I don't give a peach pit what a dictionary will newly say, although I gather it will affect dictionary users in the furture.
0 Replies
 
dlowan
 
  1  
Reply Sat 13 Oct, 2007 05:53 am
From my cold, dead paws....
0 Replies
 
Setanta
 
  1  
Reply Sat 13 Oct, 2007 08:10 am
I have a simple rule of thumb now for hyphens, which is the product of the arrival of the personal computer. If i type a word, such as horseshit, and the spellcheck function identifies it as a misspelling, then i put in a hyphen--so i don't have to deal with horse-**** from the spell-checker.
0 Replies
 
jespah
 
  1  
Reply Sat 13 Oct, 2007 09:20 am
Dammit, does this mean I have to change my name again?
0 Replies
 
squinney
 
  1  
Reply Sat 13 Oct, 2007 09:51 am
Which has it been until now?

Jes-pah?

Or

Jesp-ah?
0 Replies
 
jespah
 
  1  
Reply Sat 13 Oct, 2007 09:56 am
Jespah Snootthorpe-Philbis.
0 Replies
 
squinney
 
  1  
Reply Sat 13 Oct, 2007 09:59 am
Ah. I see. Well, with a name like that I doubt the hyphen had really been noticed by too many. Very Happy
0 Replies
 
squinney
 
  1  
Reply Sat 13 Oct, 2007 12:28 pm
What are we gonna do about yoong liat?
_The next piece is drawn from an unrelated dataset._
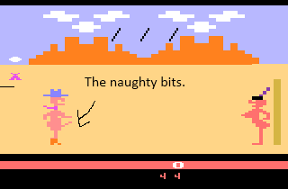 DirtyLarry Veteran Posted November 30, 2009 Veteran Share Posted November 30, 2009 Besides ET, which I actually agree is definitely the worse game ever, there is another Atari classic that someone I knew actually owned so I had the displeasure of playing it. Custer's Revenge It was an "Adult" game for the Atari. I am not even kidding, the object of the game was to make it across the screen to rape a Native American women who was tied to a pole. In the game, the player controls the character of General George Armstrong Custer, depicted as a man wearing nothing but a cavalry hat, boots, and a bandana, sporting a visible erection. Custer has to overcome arrow attacks to reach the other side of the screen. His goal is to have intercourse with a naked, large-breasted Native American woman, named "Revenge." The Award Winning Cover Design Ironically, I also found this information on the Wikipedia site... The focused media attention caused the game to sell approximately 80,000 copies Link to comment Share on other sites More sharing options...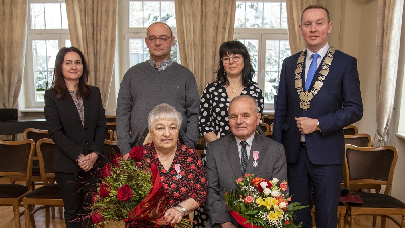 Jubileusz 50-lecia pożycia małżeńskiego był okazją do uhonorowania małżonków Medalami za Długoletnie Pożycie Małżeńskie nadawanymi przez Prezydenta Rzeczypospolitej Polskiej. Aktu dekoracji dokonał Burmistrz Miasta i Gminy Bogatynia Wojciech Dobrołowicz, który życzył także jubilatom długich i pogodnych lat życia w miłości, zdrowiu i szczęściu. Na zakończenie uroczystości małżonkowie otrzymali wiązankę kwiatów i okolicznościowy prezent.

The lessons will have to start all over again.
0 Replies
 
Quincy
 
  1  
Reply Sat 13 Oct, 2007 12:56 pm
Since when was the Oxford Shorter English Dictionary the arbiter of the English language?
0 Replies
 
Chai
 
  1  
Reply Sat 13 Oct, 2007 02:58 pm
ossobuco wrote:
I do seem to be the queen of dots, which I need to get over........
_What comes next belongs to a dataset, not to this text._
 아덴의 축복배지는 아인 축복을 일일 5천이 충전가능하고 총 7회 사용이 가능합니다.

I thought I was......the queen of dots.....


I like dots.....a lot.

It's more than a comma....it implies ponderment.

Or timing the punchline.
0 Replies
 
ossobuco
 
  1  
Reply Sat 13 Oct, 2007 04:34 pm
I agree, of course, Chai: that is, about the pondering element.


Colon! Colon! Colon alert!
0 Replies
 
DrewDad
 
  1  
Reply Sun 14 Oct, 2007 09:57 am
Mame wrote:
Coworkers or co-workers? I favour the latter.

And I like ;s and :s...

cow-irkers
0 Replies
 
Aa
 
  1  
Reply Tue 16 Oct, 2007 02:40 pm
In the alt.usage.english newsgroup, "co-worker" once slid into cult status as "how to ork a cow", "cow-orker" as occupational title, and suchlike jocular riffs.

***

In the first half of the 1900s, the words "to-day" and "to-night" were often shown with hyphens. Much more recently, "co-operate" was commonplace for those eschewing the dieresis.

***

The trend of separate words gliding into conjoined status via hyphens and finally uniting in one two-part word may be a reflection of what happened to Earth in its early formation. Those who truly care about that earthly event sometimes sport a bumper-snicker: "Reunite Pangaea!"